The crowd had mostly thinned out since the Falcons took the final set an hour ago, and Komori finally gets up to stretch his legs. "You liked the aerial view."

"Yeah, and that was before I had to walk back down all these stairs."

"Are you a professional athlete or not?"

"I'm a professional at volleyball, not at walking down stairs."

Komori rolls his eyes and ushers Suna along, steering him by the shoulder blades until they're shuffling out of the emptying stadium and into the nearby bar that Aran had texted to him earlier in the day. The first one to spot them is Bokuto, who waves them over to the cluster of tables haphazardly pushed together to accommodate the group of twenty-some athletes so enthusiastically he almost knocks over a passing waitress before Inunaki impatiently tugs him down again.

"Good game," Komori nods at Atsumu.

"I was cheering for Aran the entire time," Suna tells him, brandishing like a weapon a heart-shaped uchiwa he'd purchased on a whim outside the venue that bears the kanji for 'Ojiro' in glittery red letters. "Good game, Aran-san."

Atsumu scowls and slides down further in his seat, and Aran rolls his eyes fondly at them both.

"Play nice, Suna," chides a smooth, amused voice from behind him.

"Kita-san!" Suna exclaims, snapping to attention and whipping around to see his old captain holding his drink. Ignoring Atsumu's low snickers, he subconsciously straightens up a little, then drops his shoulders because he isn't emotionally primed to deal with the full gap in height tonight. "I didn't know you made it, too."

"We wrapped up everythin' we needed to for harvest season last week, so I took this weekend off to drive out. I wouldn't've missed this match for the world, though," says Kita, sliding into the booth and casting a soft smile over in Aran and Atsumu's direction. Atsumu positively _preens_.

Suna gags a little in his mouth, and shuffles in after Kita. "Kita-san showed up for me 'n Aran-kun's match and not yers," taunts Atsumu in a singsong voice, and his yelp from the full colliding force of Suna's boot against his shin in tandem with the sound of Aran's long-suffering sigh and Kita's laugh. At once, Suna feels fifteen.

—

At the tail-end and highlight of his middle school volleyball career, Suna's team had made it to the All-Japan Athletic Tournament as Aichi Prefecture representative. Gradually throughout the months leading up to the tournament, he'd been building up the core strength required to widen his quick attack's potential contact point. Honing his instincts through meticulous observation, systematically laying out his traps for the opposing blockers like a predator pouncing from the shadows.

They'd made it respectably to the quarter-finals before eventually losing in the third set to a team that would become a finalist. But Suna, of course, liked to win.
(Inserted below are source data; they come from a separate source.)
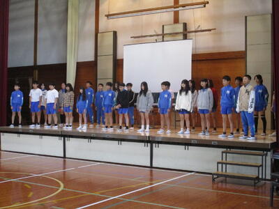 今日の業間時に、全校生の前で合唱を披露してくれました。
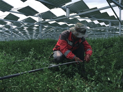 光伏發電板下,種植的苜蓿長勢良好,工作人員正在安裝澆灌苜蓿的水管。本報記者范曉儒攝
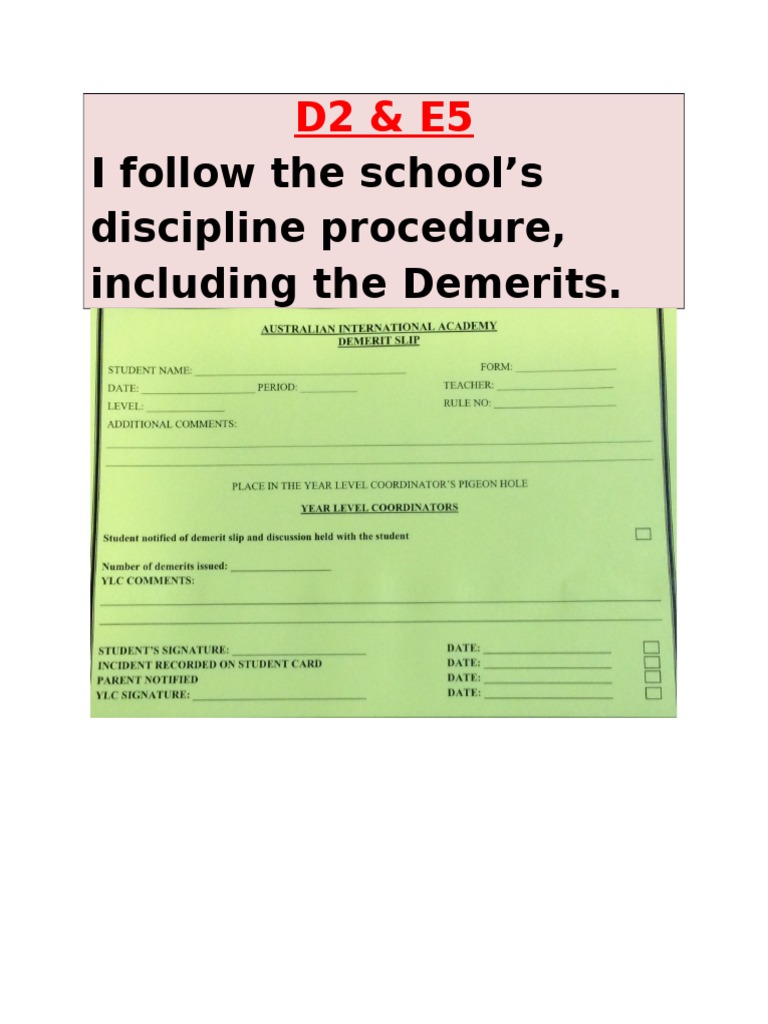 The document discusses following a school's discipline procedure, including issuing Demerits. It refers to sections D2 and E5 of the procedure and notes compliance with issuing consequences.
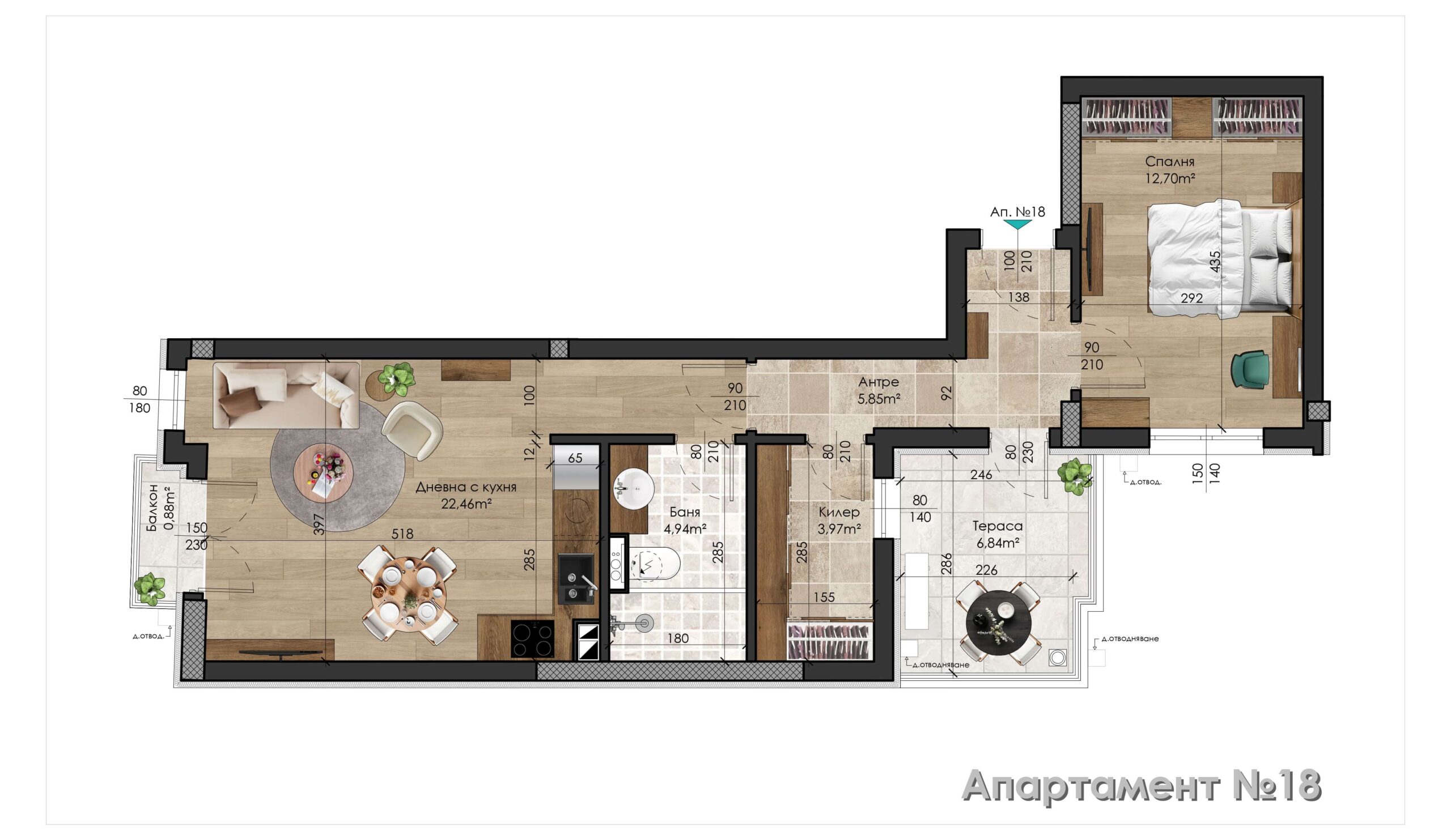 Апартамент – дневна с кухненски бокс, 1 салня, баня с тоалетна, килер, антре, тераса и балкон.
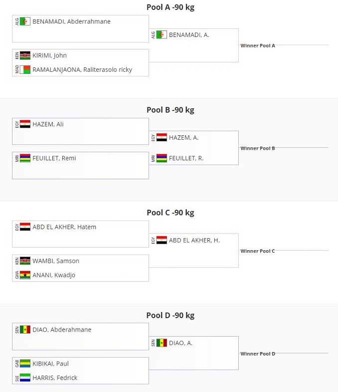 Les Championnats d’Afrique 2020 ont débuté ce Jeudi. BENAMADI Abderrahmane représente l’Algérie dans la catégorie des moins de 90 Kg. Aussi Il rencontrera au second tour le vainqueur du combat entre RAMALANJAONA RALITERASOLO RICKY (Madagascar) et KIRIMI JOHN (KENYA). En effet il est exempté du 1er tour.
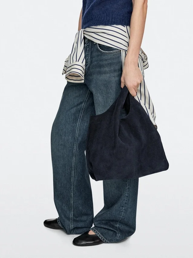 Borsa tote. Chiusura con bottone a scatto magnetico. Due manici e tracolla. Fodera in cotone. Realizzata in pelle bovina con finitura in pelle crosta.
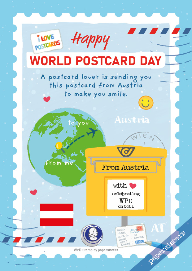 Für alle Freunde der Postkarte in Österreich haben wir mit viel Freude dieses Design entworfen. Es ist Teil der internationalen "WPD Stamp Serie" und perfekt geeignet, um zum World Postcard Day Freude zu verschicken. Großartig auch zum Sammeln und Tauschen.

Climbing into the seat in the back row of their team bus and squishing himself to the window before any of his teammates got a chance, Suna closed his eyes. From where he'd stuffed his hands into the pockets of his team jacket, he clutched tightly onto the business card from a heavily accented coach.

It continued to burn a hole in his pocket throughout the standardized cool-down speech from Coach at the inn, the entire bus ride back to school the next morning, the subsequent walk back home to his parents and sister, all the way until he trudged to his room and dug it back out from his jacket, already creased and worn. He'd come representing a powerhouse team based in Amagasaki, he'd said. _I know it's a lot to consider, but we think you'd be a fine addition to our team. Give it a coupla weeks to think it over, and give us a call,_ the coach had said as he left with a wave. 
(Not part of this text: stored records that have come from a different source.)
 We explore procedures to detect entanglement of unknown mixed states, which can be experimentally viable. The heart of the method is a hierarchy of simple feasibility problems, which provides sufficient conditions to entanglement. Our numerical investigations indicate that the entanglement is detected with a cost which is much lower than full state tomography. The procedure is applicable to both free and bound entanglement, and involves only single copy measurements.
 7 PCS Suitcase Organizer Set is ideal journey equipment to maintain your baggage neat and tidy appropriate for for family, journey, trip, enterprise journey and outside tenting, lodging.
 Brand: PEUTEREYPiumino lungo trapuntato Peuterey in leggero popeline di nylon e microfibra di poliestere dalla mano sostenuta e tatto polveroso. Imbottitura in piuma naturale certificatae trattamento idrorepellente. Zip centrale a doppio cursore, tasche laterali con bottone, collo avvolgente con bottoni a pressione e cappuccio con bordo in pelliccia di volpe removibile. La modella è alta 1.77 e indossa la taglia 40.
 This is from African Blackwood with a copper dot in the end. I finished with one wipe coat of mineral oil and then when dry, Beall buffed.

All Suna had done at the time was give a noncommittal shrug and a polite bow, but as he collapsed onto his desk, he thought back to the tournament brackets, printed neatly on the whiteboards near the gymnasium's main staircase. Yako Junior High, hailing from Hyogo garbed in an obnoxious fluorescent yellow. To the Miya brothers, who Suna learned had been racking up a storm all over the Kansai region with their almost mechanically-precise matchups. To the tournaments from the years past, the force and deadly accuracy of Ojiro Aran's hits like an act of consecration on the court. Their recent visits to the Interhighs and Spring Nationals. 

"Oh, what the hell," he said aloud, and swivelled around in his chair to open up a new search tab on his old computer.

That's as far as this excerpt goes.